ACTION ITEM. Exactly as written, transcribe the data from its opening line through the line containing "Diverse smårid". Leave every picture out.

DATASET EXTRACT.
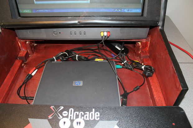 El secreto está hacia fuera! ahora todo el mundo sabe lo que alimenta el núcleo del neutrón del gabinete Arcade TankTop! Sí, su un viejo portátil AMD XP. pero para nuestros propósitos, funciona muy bien.
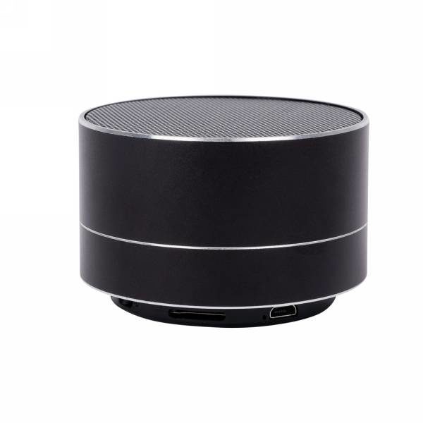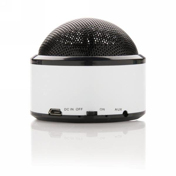 Wireless speaker with 3W speaker and 350 mAh battery. Because of its clever design the music will be played in all directions. Aluminium body and metal grill, the bottom of the speaker has rubber strips for improved sound quality and grip. Playing time up to 3 hours on one single charge and connection distance up to 10 metres. Includes micro cable to charge the speaker the device to your mobile phone without wireless connection. Compatible with all mobile phones.
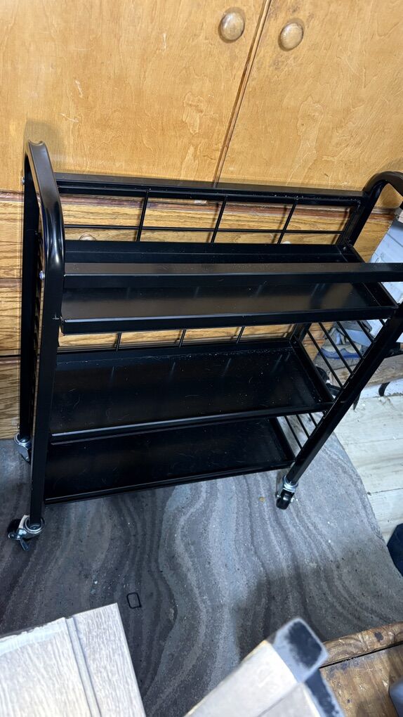 Has great rollers on the bottom that lock in place, includes 5 shelves that you can place at desired height. Solid steel construction. Black grate on the back can be used for tool storage or additional storage shelving. They are disassembled but if you would rather me put them together for you prior to pick up I am happy to do so, free of charge. Call or text with any questions.
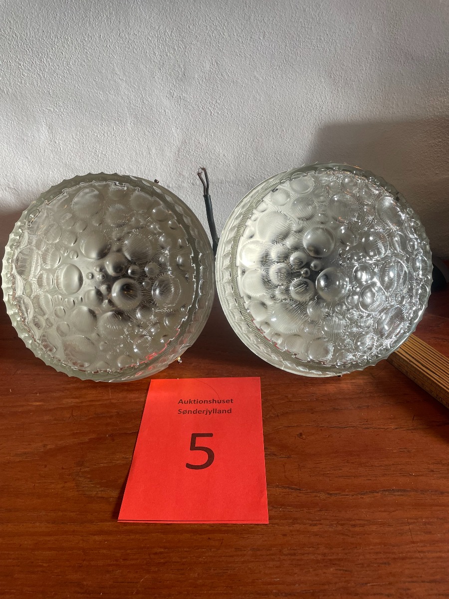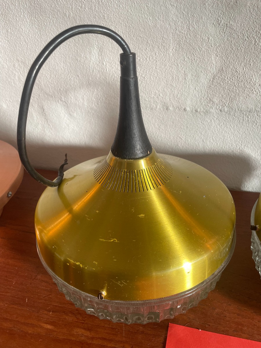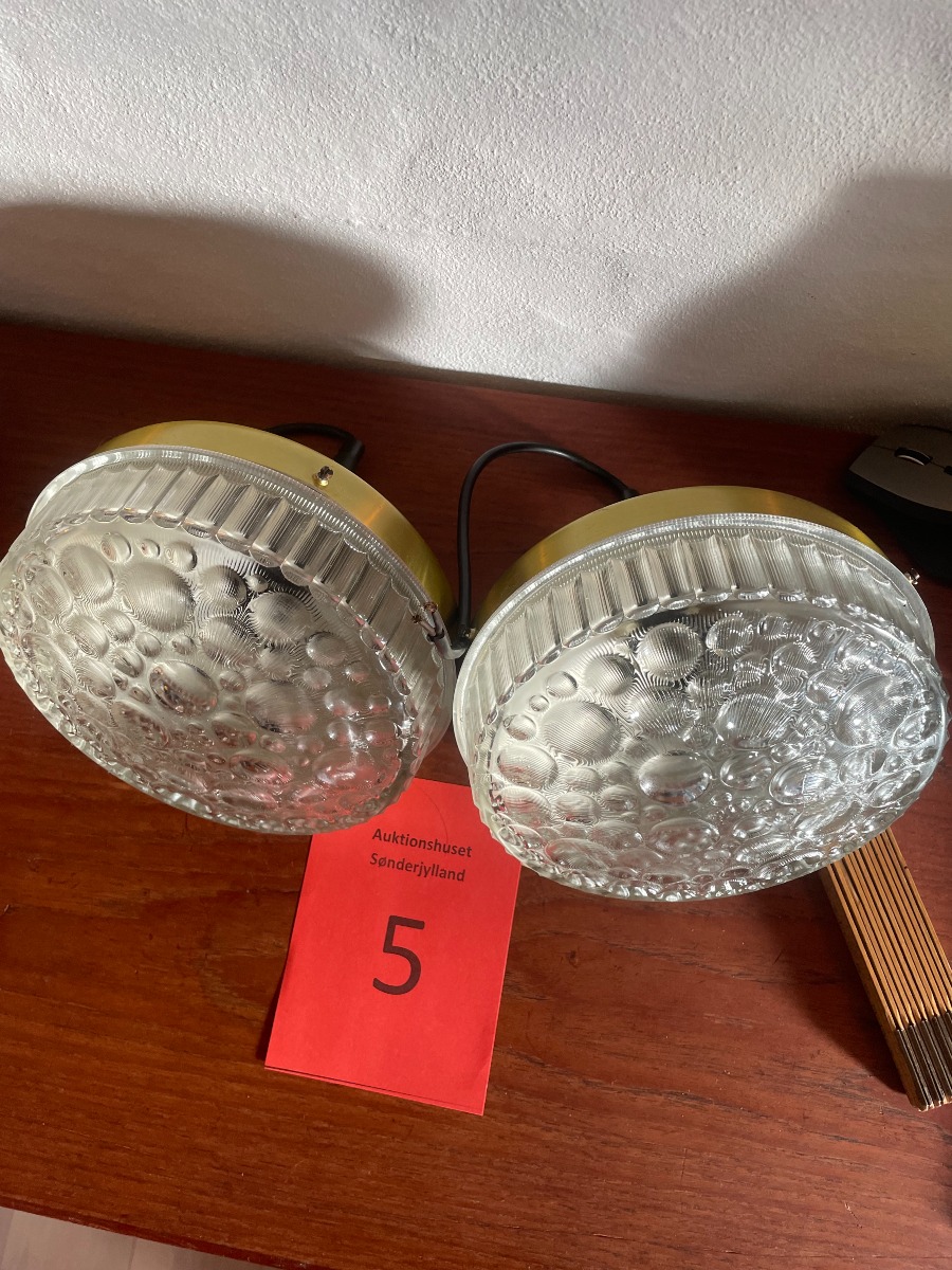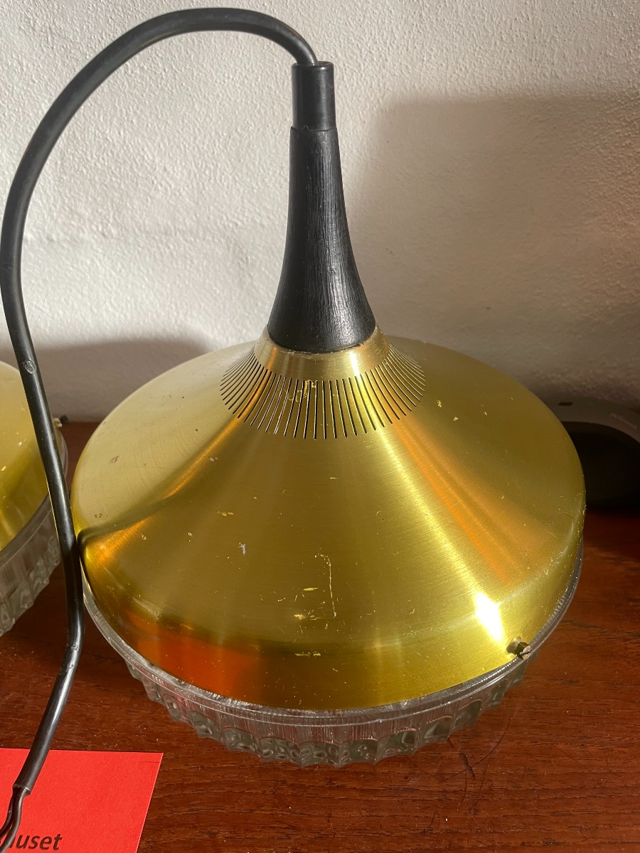 Diverse småridser på messing. Malingsafslag på træ. Afslag på glas, på den ene oppe ved sammenskruningen. Ø ca 20cm.
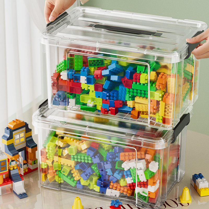 レゴの小さい粒子の積み木の収納箱の子供の家庭用のおもちゃの間食の整理のかごの透明な磁力の切れの収納ボックスの意味
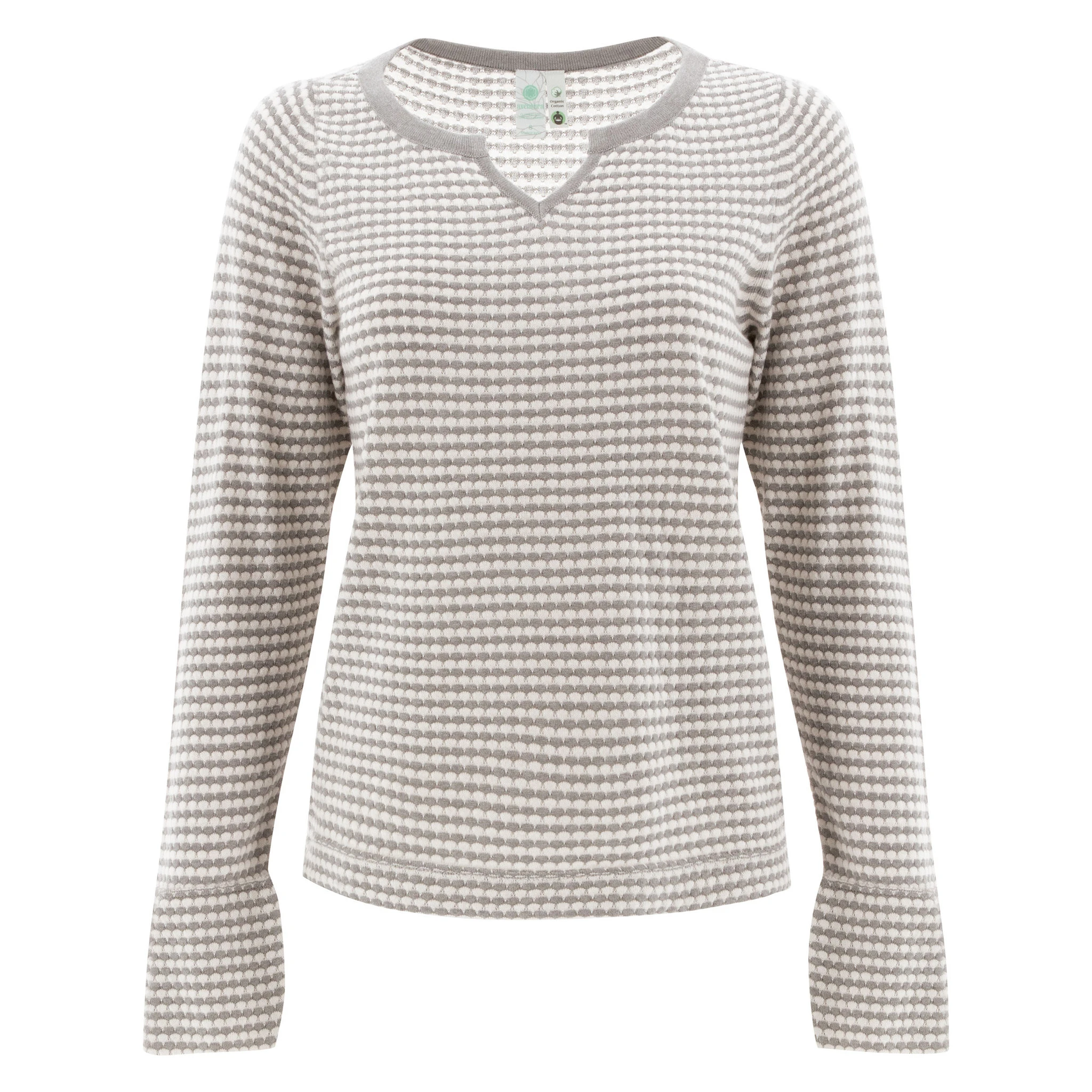 Introducing the Madison Top: a revolutionary layer that optimizes Fair Trade Certified™ production and sustainable fibers to craft a cozy upgrade for your cold-weather wardrobe. This top stands out for its unique and sustainable scalloped knit fabric; a jacquard fabrication crafted from pairing insulating organic cotton, which has a lighter footprint on the environment than conventional cotton, with silky modal. We love that it mimics the style of a classic, heavyweight knit while maintaining the breathable, lightweight nature of a long-sleeve top. Feminine details dazzle, featuring a sweetheart V-neck with contrast trim and tulip-shaped cuffs with soft ruching. The Madison Top is easily an awesome winter layer and a stand-alone top.

ANSWER TO THIS TASK.
 El secreto está hacia fuera! ahora todo el mundo sabe lo que alimenta el núcleo del neutrón del gabinete Arcade TankTop! Sí, su un viejo portátil AMD XP. pero para nuestros propósitos, funciona muy bien.
 Wireless speaker with 3W speaker and 350 mAh battery. Because of its clever design the music will be played in all directions. Aluminium body and metal grill, the bottom of the speaker has rubber strips for improved sound quality and grip. Playing time up to 3 hours on one single charge and connection distance up to 10 metres. Includes micro cable to charge the speaker the device to your mobile phone without wireless connection. Compatible with all mobile phones.
 Has great rollers on the bottom that lock in place, includes 5 shelves that you can place at desired height. Solid steel construction. Black grate on the back can be used for tool storage or additional storage shelving. They are disassembled but if you would rather me put them together for you prior to pick up I am happy to do so, free of charge. Call or text with any questions.
 Diverse småridser på messing. Malingsafslag på træ. Afslag på glas, på den ene oppe ved sammenskruningen. Ø ca 20cm.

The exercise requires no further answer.